As a preferred embodiment of the present invention, as shown in fig. 6, the second air passing member 200 includes a second body 201, the second body 201 has a second connection portion 202, the second body 201 has a sleeve-shaped structure with a circular radial cross section, one end of the sleeve-shaped structure, which is far away from the first body 101, is closed, and a plurality of air holes 205 are uniformly opened at the end, the air holes 205 are communicated with the assembly cavity 300 through a second communication channel, the second connection portion 202 is an internal thread formed on an inner wall of the sleeve-shaped structure, and the second connection portion 202 is in threaded connection with the first air passing member 100. The second communication passage of the present embodiment includes a plurality of plate-like bodies 206, the plate-like bodies 206 being uniformly configured on an end face of the second body 201 near the fitting chamber 300, the second body 201 being configured with a second annular protrusion 204 enclosing both the plate-like bodies 206 and the gas holes 205 therein, and the rim of the filtering membrane 400 being engaged with the second annular protrusion 204 and separating the plate-like bodies 206 from the fitting chamber 300. In this embodiment, the second body 201 is configured with the fitting tab 203, and the first air-passing member 100 is connected to the second connecting portion 202 and abuts against the fitting tab 203. When gas enters the assembly chamber 300 from the first communication channel and the pressure in the medicine dissolver is smaller than the pressure in the assembly chamber 300 or is vacuum, the situation as shown in fig. 12-13 can occur, the filtering membrane 400 deforms, so that the pressure of the medicine dissolver and the assembly chamber 300 is balanced or close to balanced, and the situation that the piston cannot effectively move is avoided.
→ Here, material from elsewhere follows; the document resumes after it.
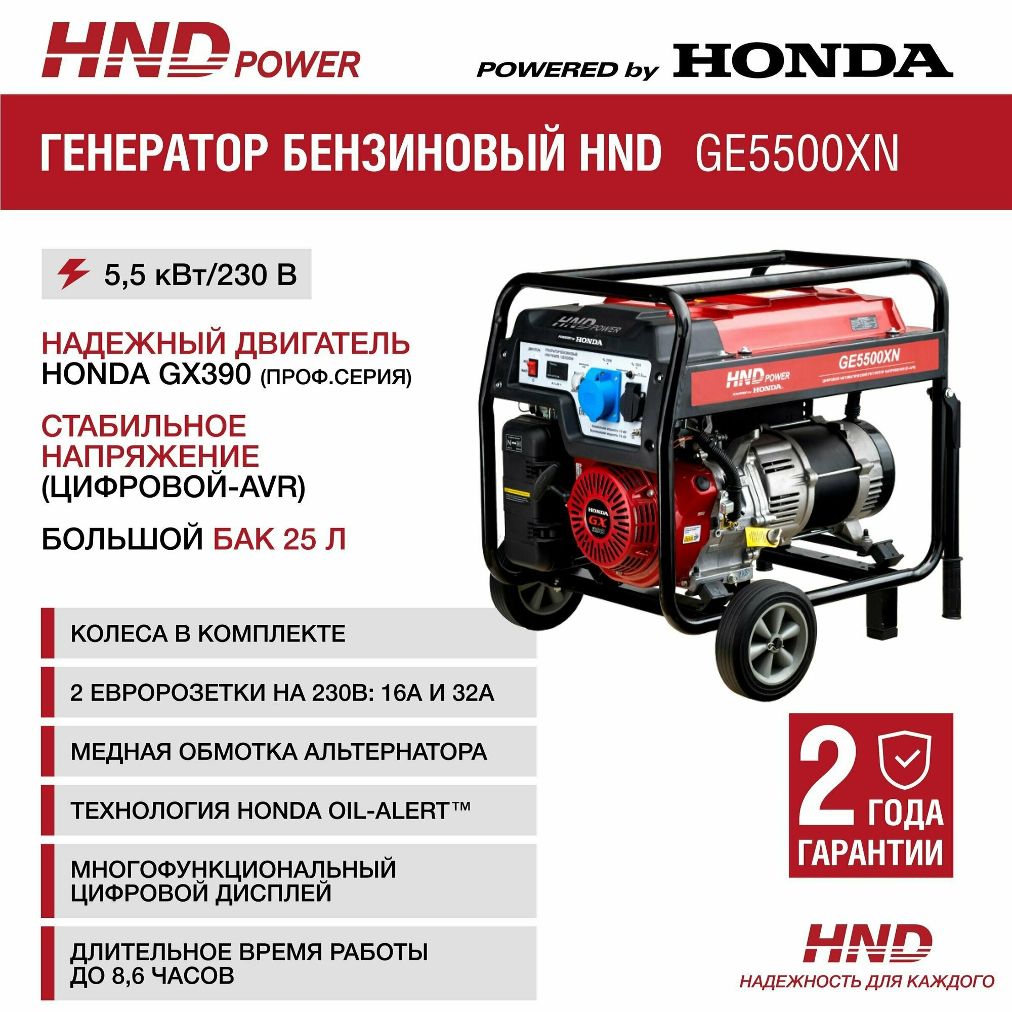 Бензиновый генератор HND GE5500XN с двигателем Honda представляет собой мощную однофазную электростанцию мощностью 5,5 кВт, разработанную для надёжного электроснабжения в условиях отсутствия централизованной сети.
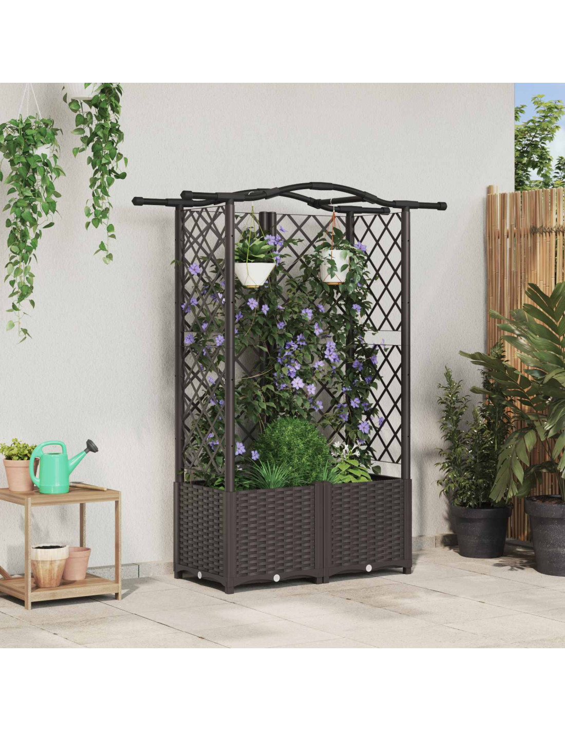 Rinnova il tuo spazio esterno con questo letto da giardino rialzato versatile, con graticcio integrato e tetto sospeso, perfetto per piante rampicanti e layout di giardini verticali. Fabricato in polipropilene resistente e protetto dagli UV, regge il tempo che passa e si adatta a patii, balconi e giardini. Costruzione in polipropilene robusto: Questo letto da giardino è fatto per resistere a sole, pioggia e cambiamenti di temperatura. Resiste agli effetti dei raggi UV e alla sbiaditura, mantenendo la forma e l'aspetto nel tempo. Graticcio e tetto integrati: Presenta un graticcio robusto per piante rampicanti e un telaio superiore per vasi o ceste sospese. Fai crescere le viti in verticale e sospendi fiori o erbe in alto, creando un bellissimo giardino a mais livelli senza occupare spazio a terra. Sistema di drenaggio intelligente: Ha un foro di drenaggio e un tappo removibile per rilasciare acqua in eccesso. Questo vaso include un interno per l'acqua che crea una riserva temporanea, aiutando a mantenere l'umidità costante senza necessità di rivestimenti. Facile da montare: Progettato per il comfort dell'utente, questo articolo viene con istruzioni chiare e parti ben allineate, facendo del montaggio un gioco da ragazzi e garantendo una struttura stabile e sicura. Facile da pulire e mantenere: Fatto in polipropilene facile da igienizzare, richiede poca manutenzione. Basta passare un panno asciutto o umido! Ogni tanto, per un drenaggio corretto, rimuovi e sostituisci il tappo per mantenere il rendimento ottimale dell’acqua.

The second air passing member 200 of the present embodiment is an integrally formed structure, so as to facilitate mass production thereof and ensure the connection strength with the first air passing member 100. The present embodiment is constructed with a mounting groove 207 at an end of the second body 201 remote from the fitting chamber 300 for mounting a connection joint of a cartridge.
Finally, it should be noted that: the foregoing description is only a preferred embodiment of the present invention, and is not intended to limit the present invention, but the present invention is described in detail with reference to the foregoing embodiments, and it will be apparent to those skilled in the art that modifications may be made to the technical solutions described in the foregoing embodiments, or that equivalents may be substituted for some of the technical features thereof. Any modification, equivalent replacement, improvement, etc. made within the spirit and principle of the present invention should be included in the scope of the claims of the present invention.